Bonus Tips for Excelling in Google's Behavioral Interview

Boost your chances of success in the Google behavioral interview with these additional tips.

  1. Research the specific role you are applying for and understand the skills and qualities that are relevant to the position. And while answering questions, try to highlight these skills.
  1. Practice answering common behavioral interview questions such as "Tell me about a time when you faced a challenge at work and how you overcame it". Practice answering these questions out loud, and consider asking a friend or mentor to give you feedback on your responses.
  1. It's common for Google to ask unexpected questions during interviews, so prepare yourself mentally for what might come your way. Practice thinking on your feet and coming up with creative responses to unexpected questions.
  2. Use ChatGPT to practice common behavioral interview questions, create answers and evaluate your answers. There is no limit to how you can interact with ChatGPT. Therefore, spend some time interacting with this revolutionary AI tool and you will definitely yield fruitful results for a Google behavioral interview. Here are a few prompts that you can use to leverage ChatGPT for your Google behavioral interview:
  • I am appearing for a Google behavioral interview next month and I want you to act as a Google interviewer for practice. I will be the candidate and you will ask me leadership, Googleyness, and hypothetical situation-based questions for the product manager position. I specifically want you to act as the interviewer and expect you not to write the entire conversation at once. Ask me one question at a time and wait, take my answer and then ask another question as interviewers do. Do not write explanations and give unnecessary hints. Ask me the questions one by one like an interviewer does and wait for my answers.
Real-time conversation example with ChatGPT: https://gpt.best/sst90JJB
  • I am preparing for a behavioral interview at Google and have an answer to the question: 'Tell me about a time when you had to work with a difficult team member. How did you handle the situation and what was the outcome?' Here is my answer: “I had to work with a difficult team member on a project at my previous company. They were constantly disrupting meetings and not pulling their weight on tasks. I approached them privately and calmly discussed my concerns and asked for their input on how we could improve communication and collaboration. We were able to come to an understanding and establish some ground rules for future team meetings. The project was completed on time and received praise from our manager.” Can you review my answer and give me your feedback?
Real-time conversation example with ChatGPT:  https://gpt.best/IA6gw5tY
Conversation between a job seeker and ChatGPT.

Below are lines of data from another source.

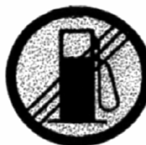
FIN DE ZONA
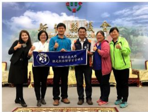
林議員與中國科大教師於新竹縣議會合影
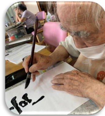
名護さん、立派な筆さばき!

いつも、いろいろなことを教えてくれてありがとうございます。むーとうやーでは、今日も元気な歌声が響いています。
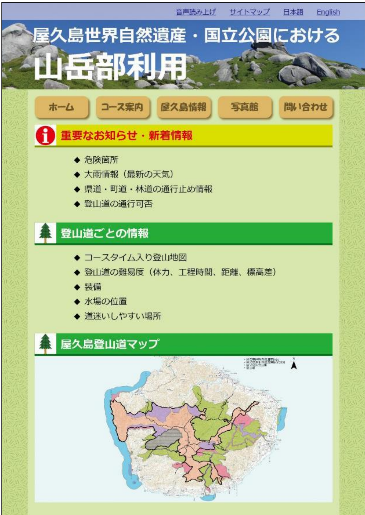
図1 ポータルサイト (ホームページ等) のイメージ (1/4)
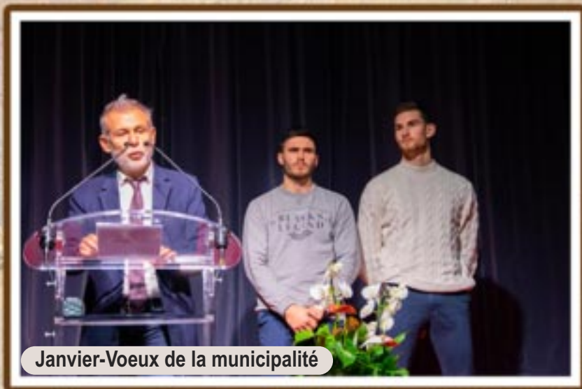
Janvier-Voeux de la municipalité

To know more, read our guide on How to use ChatGPT to Prepare for Behavioral Interviews.

          5. Try to find people in your professional network who have recently appeared for Google interviews for the same role as you. Talk to them and ask them                about their experiences. In fact, you can also schedule a mock interview with Careerflow mentors who are currently working at Google. 

Bonus Tip: It is most likely that the recruiter may have sent you preparation material before the interview, so go through that rigorously.

Conclusion:

Simply put, Google looks for Googleyness in candidates during behavioral interviews. To be a Googler you aren't necessarily required to have an educational degree from a Harvard-like university or exceptional experience in tech giants, but Google isn’t going to compromise leadership values in its employees.

Advice from a Google engineer that perfectly sums up this Google behavioral interview guide: Relax. Ask questions. Think out loud.

Like any other behavioral interview, the Googleyness and Leadership interview is not about giving the right answers. Instead, it's all about how you approach questions and how effectively you communicate your approach. Do not overburden yourself before the interview; ask questions to interviewers and communicate effectively with the panel. 

You are all set to ace your Google behavioral interview. All the best!

Our mission is to organize the world’s information and make it universally accessible and useful. ~ Google.